Corroborating Kynetec’s claim, we found that a fairly large portion of farmers seem to be in the dark about the pesticides that coat the seeds they plant. For example, 32% of soybean growers surveyed by the U.S. Department of Agriculture (USDA) in 2018 indicated that they did not know their treated seeds contained pesticides, or which pesticide it contained. In fact, only 84% of cotton growers, 65% of corn growers, 62% of soybean growers, 57% of winter wheat growers, and 43% of spring wheat growers provided the name of the seed treatment product used on their crops.
In contrast, farmers are very knowledgeable about the pesticides that they applied directly to crops in the field. Further review of USDA agricultural surveys show that 97-99% of farmers could name the field-applied pesticide(s) used on their cotton, corn, wheat, or soybean crops.
Current pesticide regulation adds to the uncertainty surrounding treated seeds. Federal law requires the tracking of pesticide use, but pesticide-coated seeds are exempt from this requirement. The EPA classifies pesticide-coated seeds as “treated articles,” not pesticides. Unlike other treated articles, such as railroad ties and mosquito nets, pesticide-coated seeds represent large-scale pesticide use. The lack of data on this common—and growing—agricultural practice makes it more difficult for farmers, agencies, and researchers to assess the risks and benefits of coated seed.

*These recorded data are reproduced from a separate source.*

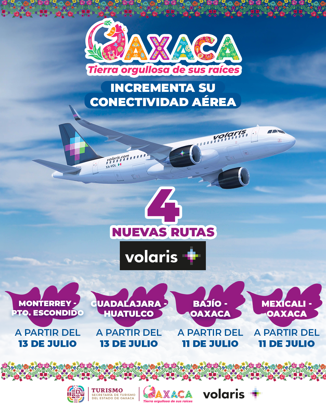Oaxaca de Juárez, Oax. 30 de mayo de 2023.- La Secretaría de Turismo del Gobierno del Estado anunció que, a partir del 11 de julio, Oaxaca tendrá cuatro nuevas rutas aéreas que conectarán a los tres principales destinos de la entidad con otros del país, a través de la aerolínea Volaris.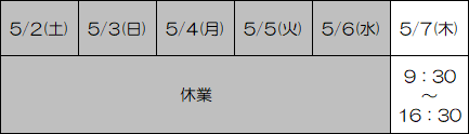 5/7(木)以降の営業時間は土日祝を除く月〜金の10:00~16:00となります。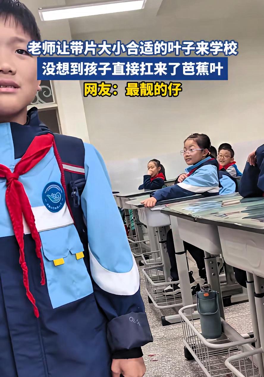四川,一老师给同学安排任务,让他们自己找片叶子上课用,可没想到,一个小男孩竟然直接扛了一片“芭蕉叶”过来,把老师都看呆了。网友:“他妈妈是铁扇公主吗?” 早上同学们都乖乖坐在座位上,手里攥着小巧的枫叶、银杏叶,还有的带了嫩嫩的三叶草,个个都符合“一片叶子”的要求。 就在大家等着老师开始活动时,教室后门突然传来“咚咚”的声响,紧接着一个小小的身影晃悠悠挤了进来。 仔细一看,这小男孩双手死死抱住一片比他还高的芭蕉叶,叶边都快拖到地上了,上面还挂着晶莹的露水,一看就是早上刚从树上摘下来的新鲜货。 他费劲地把芭蕉叶扛到自己座位旁,叶子太大差点蹭到旁边同学的桌子,小脸憋得通红,却一脸认真,仿佛扛着什么稀世珍宝。 老师看到这一幕直接愣住了,半天没反应过来,笑着问他:“你这是带了片‘芭蕉扇’来?老师让带一片叶子,你怎么带了这么大一片?” 小男孩有点腼腆地低下头,小声回了句:“老师说要带大小合适的,我觉得这片刚好呀。” 这话一出口,全班同学瞬间笑作一团,连老师都忍不住笑弯了腰,赶紧帮他把芭蕉叶靠在墙角,生怕不小心给弄坏了。 后来才知道,这叶子是小男孩和爸爸一起找的,爸爸觉得叶子大实用,小男孩也觉得像西游记里的芭蕉扇,越看越喜欢,就兴冲冲扛来了。 网友们的评论更是笑不活了,有人说“这是把火焰山的装备搬来了吧”,还有人调侃“爸爸怕不是牛魔王转世”。 成年人总爱用“默认规则”去理解事情,觉得叶子就该是小巧的,可在孩子眼里,“一片叶子”就是字面意思,喜欢、觉得合适就够了。 这种不被世俗标准束缚的认真劲儿,可比千篇一律的“标准答案”可爱多了,也难怪大家越看越喜欢。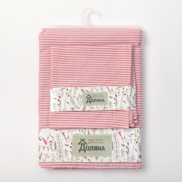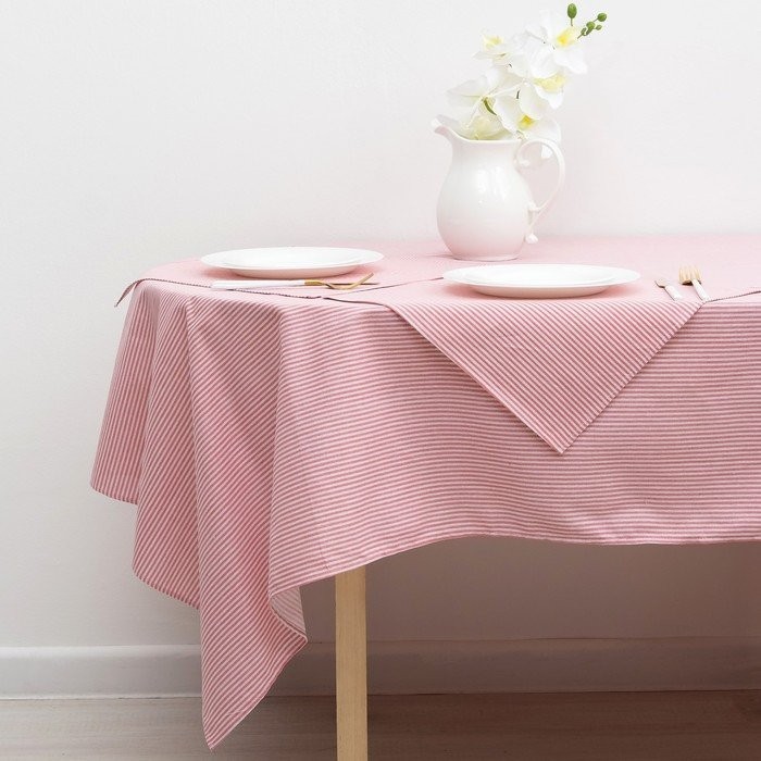 Набор Доляна скатерть 145х200см/салфетки 40х40см 4шт, Розовые полоски, 100%пэ,рогожка 200 гр/м 358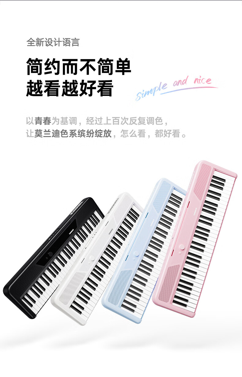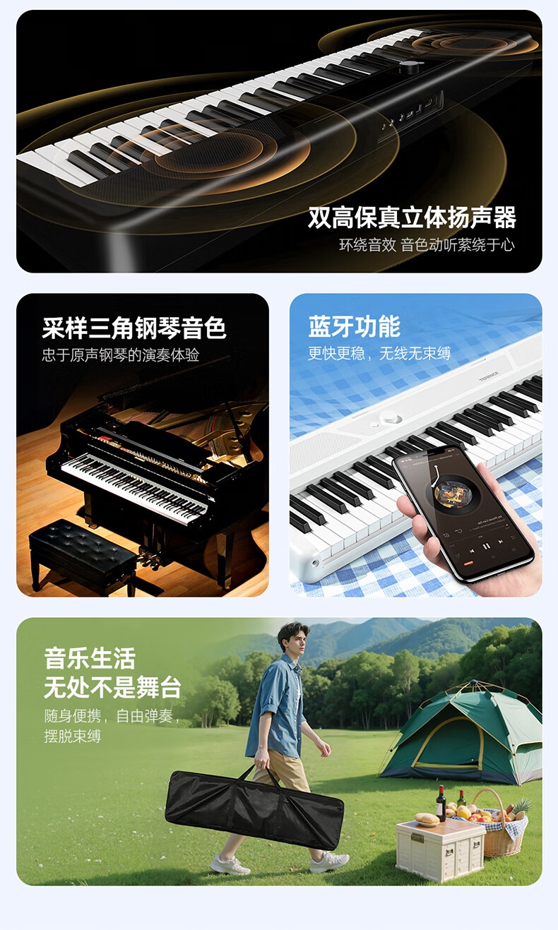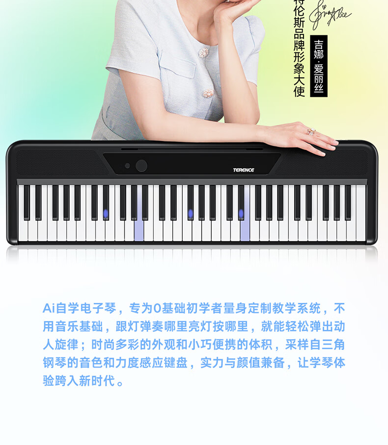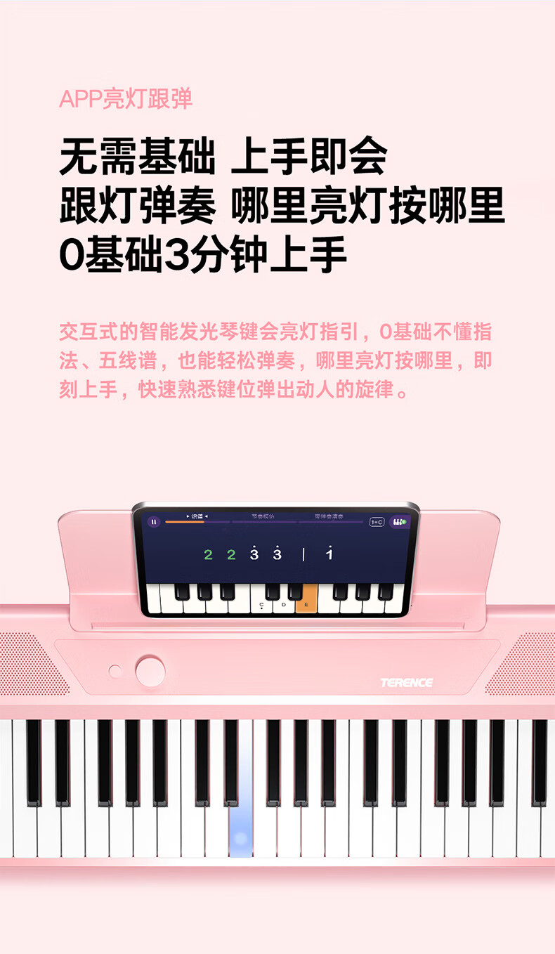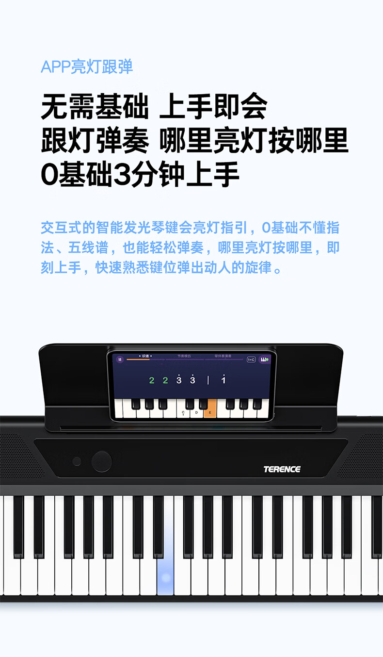 Terrence TS04 smart electronic keyboard lights up and plays the piano for beginners, adults and children, 61-key portable keyboard instrument, cool black + lifelong piano learning APP + piano bag + piano stand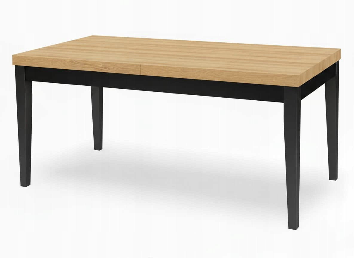 Stół loftowy rozkładany z drewnianymi nogami to połączenie solidności, funkcjonalności i ponadczasowego stylu industrialnego. Nowoczesny design oparty na prostych liniach i kontrastowym zestawieniu czarnych drewnianych nóg z blatem w kolorze Hikora Naturalna sprawia, że stół doskonale wpisuje się w aranżacje loftowe, skandynawskie i minimalistyczne.

The challenges of not having data on pesticide-coated seed was evident earlier this year when EPA released risk assessments for neonicotinoid insecticides. After noting that seed treatments were the largest agricultural uses for the neonicotinoids clothianidin, imidacloprid and thiamethoxam, EPA revealed that seed treatment data after 2014 was not available.
Similarly, state-level pollinator health efforts have been hindered by the paucity of data on pesticide-coated seed. Xerces staff sit on state task forces in both Minnesota and Washington. Neither group has been able to determine appropriate actions in response to potential risks from treated seed because they lack basic data about use.
While we’re struggling to determine appropriate responses, data about the risk of treated seed is mounting. Research has linked the use of neonicotinoid seed treatments with contamination of rivers and streams as well as widespread contamination of pollinator habitat. Furthermore, the planting of coated seed has caused numerous bee kills.
How can our federal and state agencies make informed recommendations to limit risk when we don’t have data on where, when or in what quantities these pesticides are being used?
Sowing Uncertainty also touches on other parts of the coated seed issue including that farmers lacking choice around what pesticides are or are not put on the seeds they buy and that there has been consolidation between pesticide and seed manufacturers.
As we put together this puzzle, one thing is definitely clear: The tracking of pesticide use needs to catch up with current pesticide use practices. EPA should require that pesticide-coated seed be tracked along with other pesticide uses, USDA should expand seed treatment questions in their agricultural surveys, and states should maintain strong Extension systems. With increased knowledge, we can continue to build effective and well-informed conservation programs.